The `DECOY_STRING` allows you to change the string needed to identify a decoy in the fasta file.
``` shell
cd $path_out
# convert mzID files into idXML files
for mz in $path_to_data/*.mzID
do
IDFileConverter -in $mz -threads $NTHREADS -out $mz.idXML
done
# merge the files
IDMerger -in $path_to_data/*.idXML -threads $NTHREADS -merge_proteins_add_PSMs -out $path_out/merge.idXML
rm $path_to_data/*.idXML
# index the peptide file with the fasta file
PeptideIndexer -in $path_out/merge.idXML -enzyme:name $ENZYME_indexer -threads $NTHREADS -decoy_string_position prefix -decoy_string $DECOY_STRING -fasta $path_to_data/genecodeAndDecoy.fasta -out $path_out/merge_index.idXML
rm $path_out/merge.idXML
# run percolator
PercolatorAdapter -in $path_out/merge_index.idXML -enzyme $ENZYME_percolator -threads $NTHREADS -generic_feature_set -score_type pep -out $path_out/merge_index_percolator_pep.idXML
rm $path_out/merge_index.idXML
# Estimate the false discovery rate on peptide level using decoy searches and keep the ones with FDR < $fdr
FalseDiscoveryRate -in $path_out/merge_index_percolator_pep.idXML -out $path_out/merge_index_percolator_pep_$fdr.idXML -protein false -threads $NTHREADS -FDR:PSM $fdr -algorithm:add_decoy_peptides -algorithm:add_decoy_proteins
rm $path_out/merge_index_percolator_pep.idXML
# Associate each peptite with Posterior Error Probability score
IDScoreSwitcher -in $path_out/merge_index_percolator_pep_$fdr.idXML -out $path_out/merge_index_percolator_pep_switched_$fdr.idXML -new_score 'Posterior Error Probability_score' -new_score_orientation lower_better -new_score_type pep -threads $NTHREADS
rm $path_out/merge_index_percolator_pep_$fdr.idXML
```
For more details on *OpenMS* tools see its [Documentation](https://abibuilder.cs.uni-tuebingen.de/archive/openms/Documentation/nightly/html/TOPP_documentation.html).
# References
Röst, H. L., Sachsenberg, T., Aiche, S., Bielow, C., Weisser, H., Aicheler, F., ... & Kohlbacher, O. (2016). OpenMS: a flexible open-source software platform for mass spectrometry data analysis. *Nature methods*, 13(9), 741-748.

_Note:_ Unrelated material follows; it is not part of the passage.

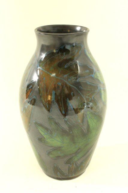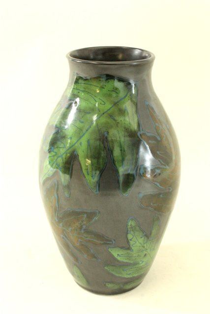 Leaf motif. Signed bottom. Approx. 12 1/2" H.
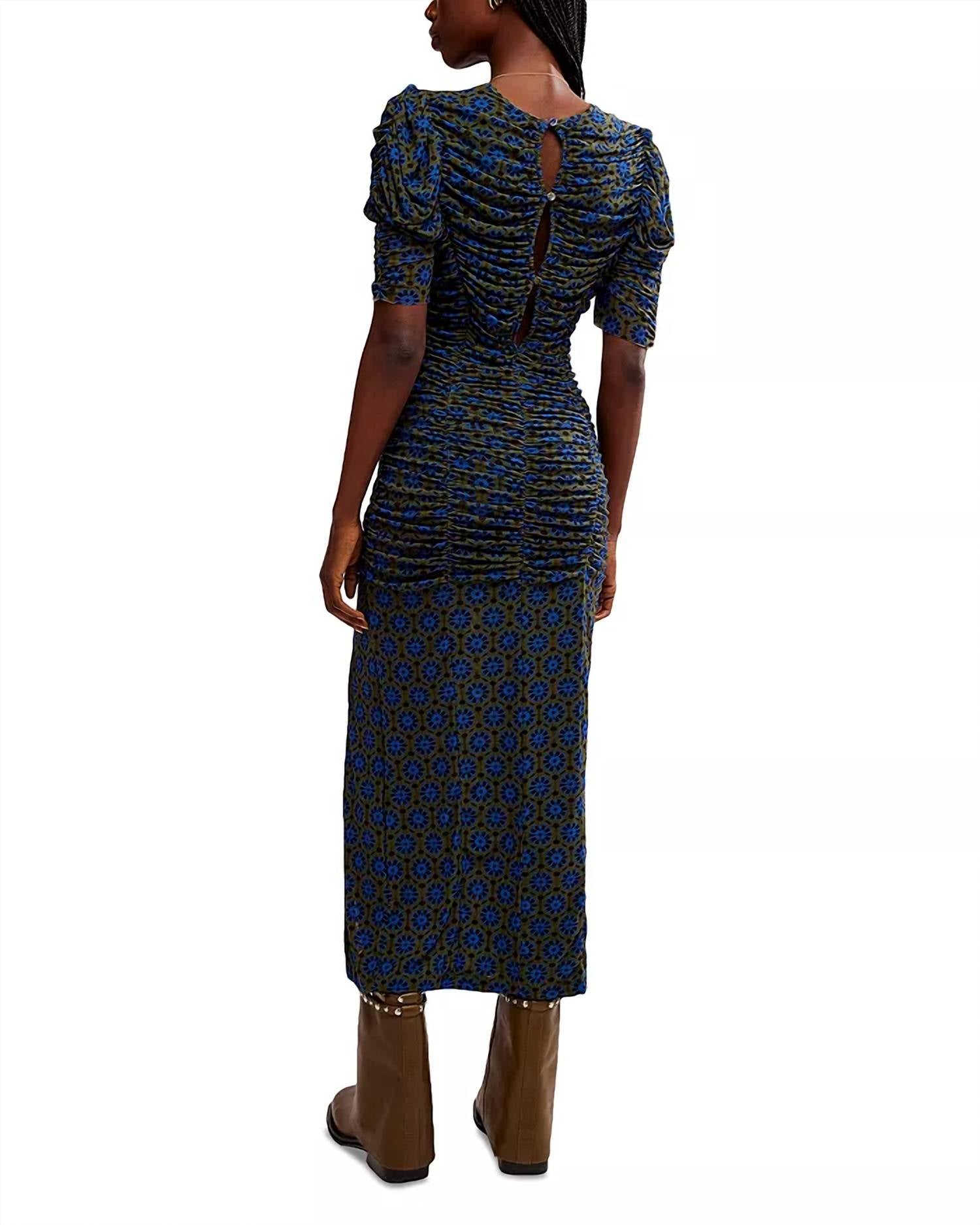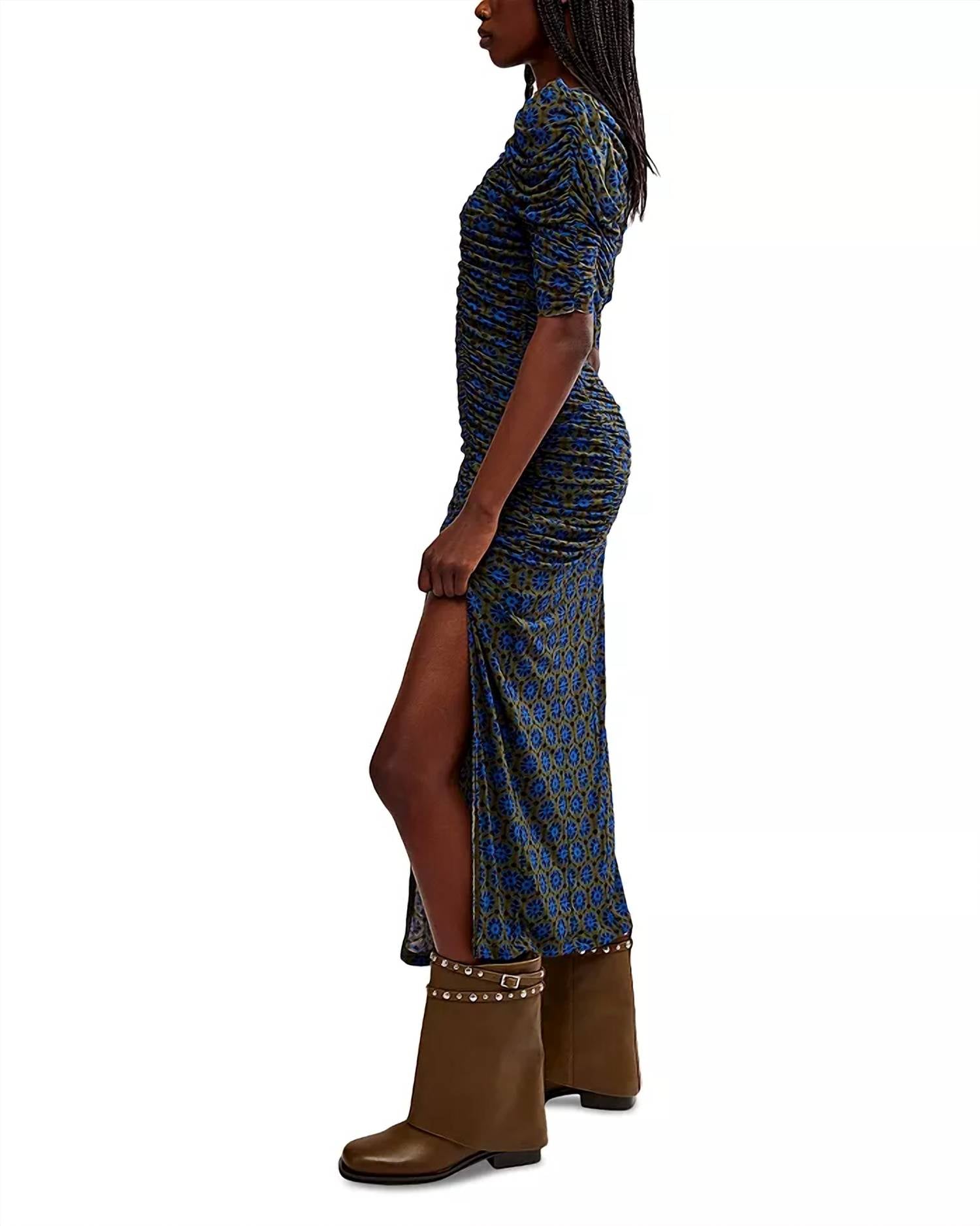 Ajuste: Silhueta ajustada e franzidaCaracterísticas: fecho de botões em camadas nas costas, fenda lateral exagerada, decote redondo, franzido exagerado

The, M., MacCoss, M. J., Noble, W. S., & Käll, L. (2016). Fast and accurate protein false discovery rates on large-scale proteomics data sets with percolator 3.0. *Journal of the American Society for Mass Spectrometry*, 27, 1719-1727.
Solntsev, S. K., Shortreed, M. R., Frey, B. L., & Smith, L. M. (2018). Enhanced global post-translational modification discovery with MetaMorpheus. *Journal of proteome research*, 17(5), 1844-1851.